Much has been learned in recent years about the molecular mechanisms involved in the carcinogenic processes of these tumors. This is of the utmost importance, given that such knowledge is revolutionizing therapeutic approaches, enabling targeted treatments that are more efficacious in determined groups of cancers with specific alterations in some pathways instead of others the so-called precision medicine.

Colorectal cancer develops through a process of numerous stages, known as the adenoma-carcinoma sequence, proposed by Fearon and Vogelstein more than two decades ago.4 During this process, genetic and epigenetic alterations accumulate in genes that are crucial for controlling cell growth and differentiation.

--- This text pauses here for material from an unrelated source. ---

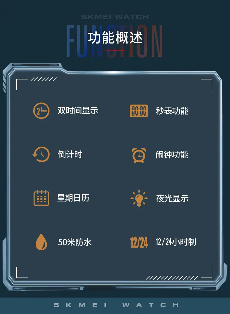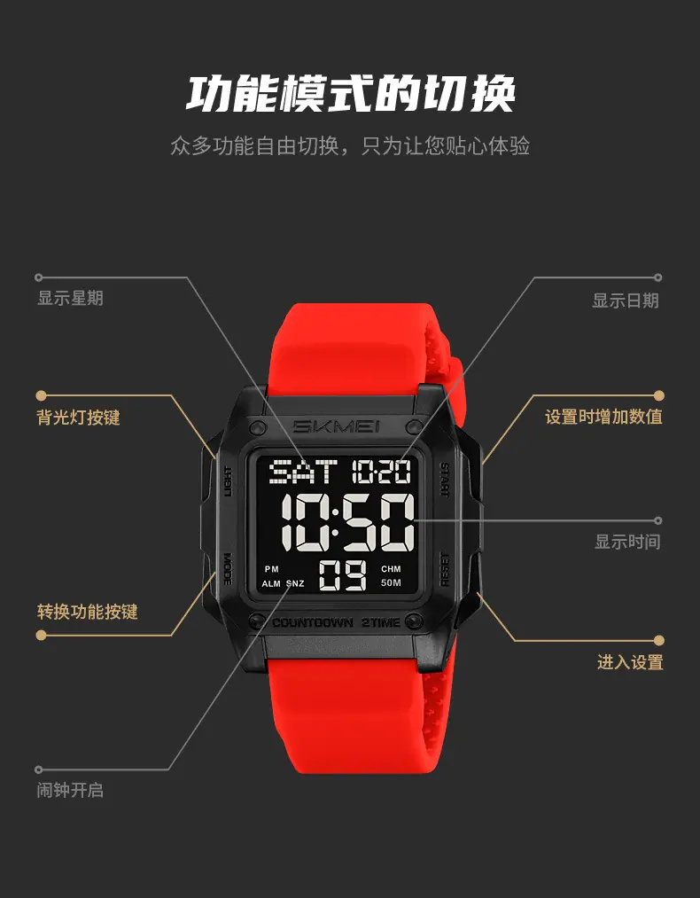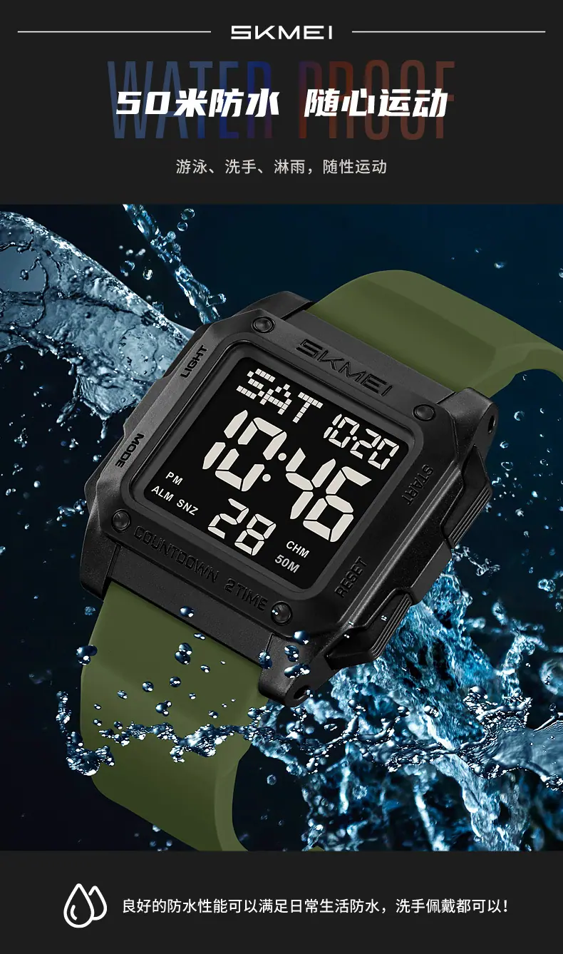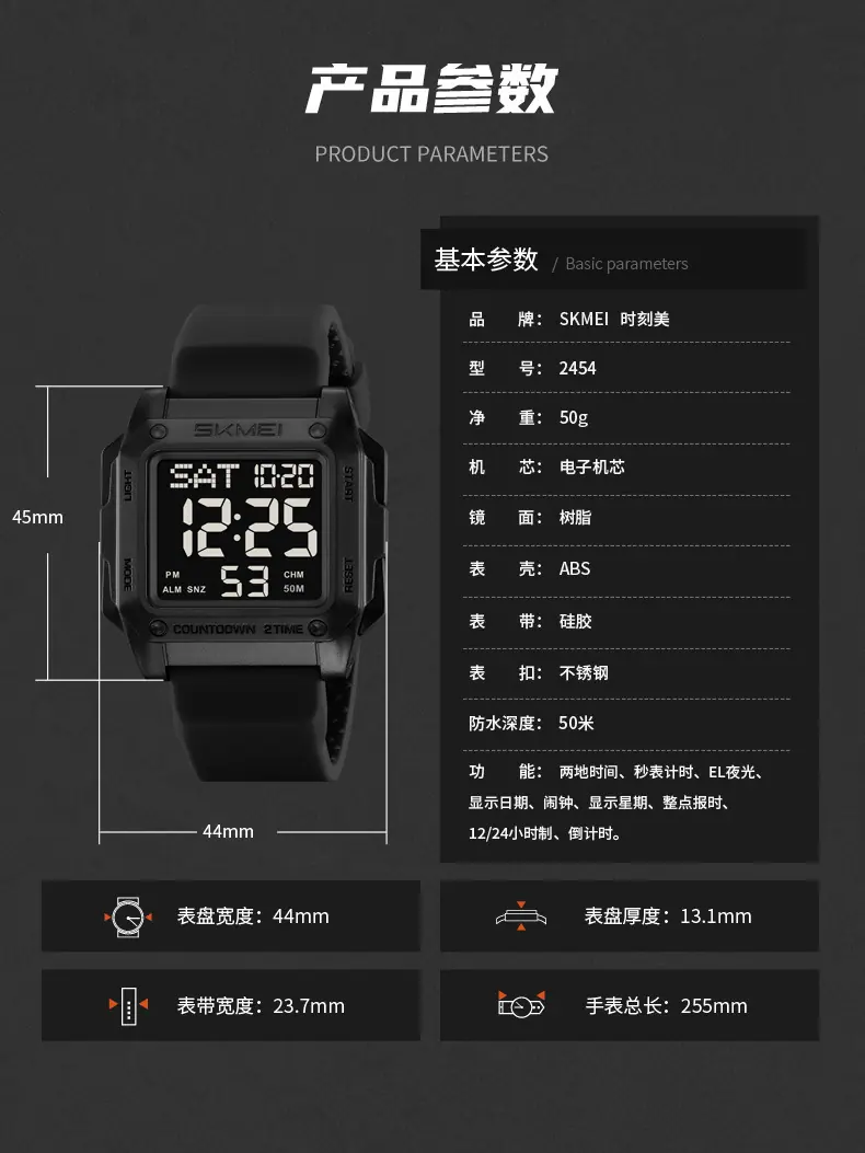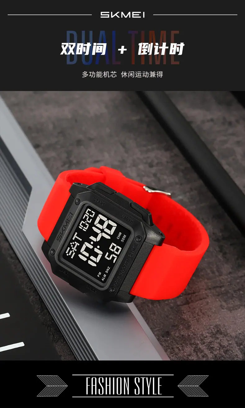 Relógio Eletrônico Estudantil Esportivo ao Ar Livre Skemi Hora Dupla Multifuncional À Prova d'Água Relógio Masculino Atacado

Genomic instability is characteristic of colorectal cancer and affects the entire genome, implying the loss of DNA integrity, which accelerates the process of mutation accumulation. This instability can be chromosomal (CIN) or involve microsatellites (MSI). Tumors with CIN are the most common and present with loss of heterozygosity, frequent cytogenetic alterations, and allelic loss.5 This process is known as the suppressor pathway of colorectal cancer. Tumors that present with CIN also show inactivation of oncosuppressor genes such as APC, p53, DCC, SMAD2, and SMAD4. However, the genes that enable this instability are not yet well established. Tumors with MSI develop as a result of the disruption of the DNA mismatch repair (MMR) system. The function of the proteins encoded by the genes of this system (MLH1, MSH2, MSH3, MSH6, PMS2) is to repair the mismatches between bases that are habitually and periodically produced during DNA replication.6 When these genes do not function, mutations accumulate along the genome, especially in repetitive nucleotide sequences known as microsatellites. They are located in non-encoding regions and also in gene-codifying sequences such as IGFR2, TGFβR2, BAX, or MSH6 that control important cell mechanisms. In the large majority of cases, the presence of MSI is due to hypermethylation of the MLH1 promoter gene with the subsequent inactivation of gene transcription and the loss of protein expression.7MLH1 methylation alteration is one of the most solid proves of the involvement of an epigenetic defect in the development of CRC and is responsible for 80% of the cases of MSI.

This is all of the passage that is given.